Em outras palavras, a consciência implica a existência. Em uma das réplicas às objeções que faz no
livro, Descartes resumiu a passagem acima em sua hoje famosa sentença: penso, logo, existo (em
latim: cogito, ergo sum)

O restante do livro, que não difere muito do precedente Discurso do Método, sendo porém mais
acessível, contém vários argumentos tais como os argumentos ontológicos para a existência de Deus
e a suposta prova do dualismo entre mente e corpo.

PRIMEIRA MEDITAÇÃO

Em 1641, aparecem as Meditações Metafísicas e para bem compreender a metafísica cartesiana é


necessário ler as Meditações.
1.° - Todos sabem que Descartes inicia seu itinerário espiritual com a dúvida. Mas é necessário
compreender que essa dúvida tem um outro alcance que a dúvida metódica do cientista. Descartes
duvida voluntária e sistematicamente de tudo, desde que possa encontrar um argumento, por mais
frágil que seja. Por conseguinte, os instrumentos da dúvida nada mais são do que os auxiliares
psicológicos, de uma ascese, os instrumentos de um verdadeiro"exército espiritual". Duvidemos dos
sentidos, uma vez que eles frequentemente nos enganam, pois, diz Descartes, nunca tenho certeza
de estar sonhando ou de estar desperto! (Quantas vezes acreditei-me vestido com o "robe de
chambre", ocupado em escrever algo junto à lareira; na verdade, "estava despido em meu leito").
Duvidemos também das próprias evidências científicas e das verdades matemáticas! Mas quê? Não
é verdade - quer eu sonhe ou esteja desperto - que 2 + 2 = 4? Mas se um gênio maligno me
enganasse, se Deus fosse mau e me iludisse quanto às minhas evidências matemáticas e físicas?
Tanto quanto duvido do Ser, sempre posso duvidar do objeto.

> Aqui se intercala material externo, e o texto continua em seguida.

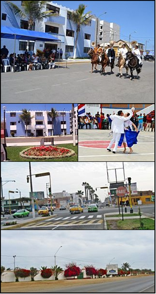 PhotomontageBuenosAiresTrujillo
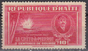 1943 postage stamp depicting the death of Admiral Hammerton Killick.

Descartes expressa sua insatisfação com o conhecimento adquirido nas instituições de ensino da
época (autoridade da bíblia ou do aristotelismo), expõe seu objetivo de alcançar algo de certo nas
ciências e, com isso, fundamentar a totalidade do saber humano; e propõe realizar essa cruzada
desfazendo-se de suas antigas opiniões para que recomece tudo desde os fundamentos. Daí, ele
apresenta sua dúvida como sistemática e hiperbólica, assim: (A) o que é provável será tomado como
duvidoso e (B) o que é duvidoso será tomado como falso. Direciona-se, então, aos fundamentos e
princípios de suas antigas opiniões, pois expor as dúvidas individualmente seria um processo
infinito.

Embora Descartes admita que tudo que aprendeu adveio dos sentidos, ele julga prudente não confiar
neles, pois eles podem nos enganar (por exemplo: caso do caniço na água), já que já o fizeram
alguma vez. Mostra que a loucura poderia servir de argumento para questionarmos situações
sensíveis normalmente não duvidosas (como eu estar olhando para várias pessoas agora), mas que
pensa ser melhor apresentar um outro argumento a seguir, a saber, que como podemos ter sonhos
tão “normais” quanto o cotidiano e tão “absurdos” quanto um dia de um louco, nos é impossível
distinguir o sonho da vigília. E, como nos é impossível distinguir o sonho da vigília, o que está se
passando agora pode ser ilusão (pois quando estamos dormindo tudo que nos representamos é
ilusão); contudo, também quando sonhamos tomamos aspectos da realidade, e só eles, para as
nossas representações. Então, se tudo for ilusão, vêm de algo verdadeiro -- o que o diferencia do
cético.

Descartes argumenta contra sua própria dúvida, mostrando coisas indubitáveis na natureza corpórea,
tanto no sonho, quanto na vigília, a saber, (Y): a figura, a quantidade, a extensão, o espaço, o tempo
(objetos da matemática) e outras coisas simples semelhantes. Ciências que tratam de coisas simples,
ou seja, (Y), como a Aritmética e a Geometria têm algo de indubitável, pois que em sonho ou
acordado elas não se modificam ("2+2=4" é sempre verdadeiro, seja sonhando ou acordado). Mas
duvida disso também, dado que poderia haver um Deus que poderia fazê-lo perceber tudo como
percebe, embora nada houvesse da forma que se apresenta. Postula também a possibilidade de Deus
o enganar no que julga saber com certeza, desacreditando até as matemáticas.[Argumento do Deus
Enganador]
Para quem não acredita em Deus, Descartes o supõe como uma fábula ou outro, mas afirmando que
quanto menos poderoso for o autor de sua origem, mais será provável que Descartes se engane
sempre. Decide, então, suspender seus juízos sobre o que houvera no passado tomado como
verdadeiro (suas opiniões), pois não há nada de que ele não possa duvidar atualmente. Embora suas
antigas opiniões sejam prováveis, elas são duvidosas; e, enquanto tais, prefere vê-las como falsas
para que não influenciem no seu reto caminho do conhecimento da verdade, colocando, assim Deus,
uma antiga opinião, como também duvidosa.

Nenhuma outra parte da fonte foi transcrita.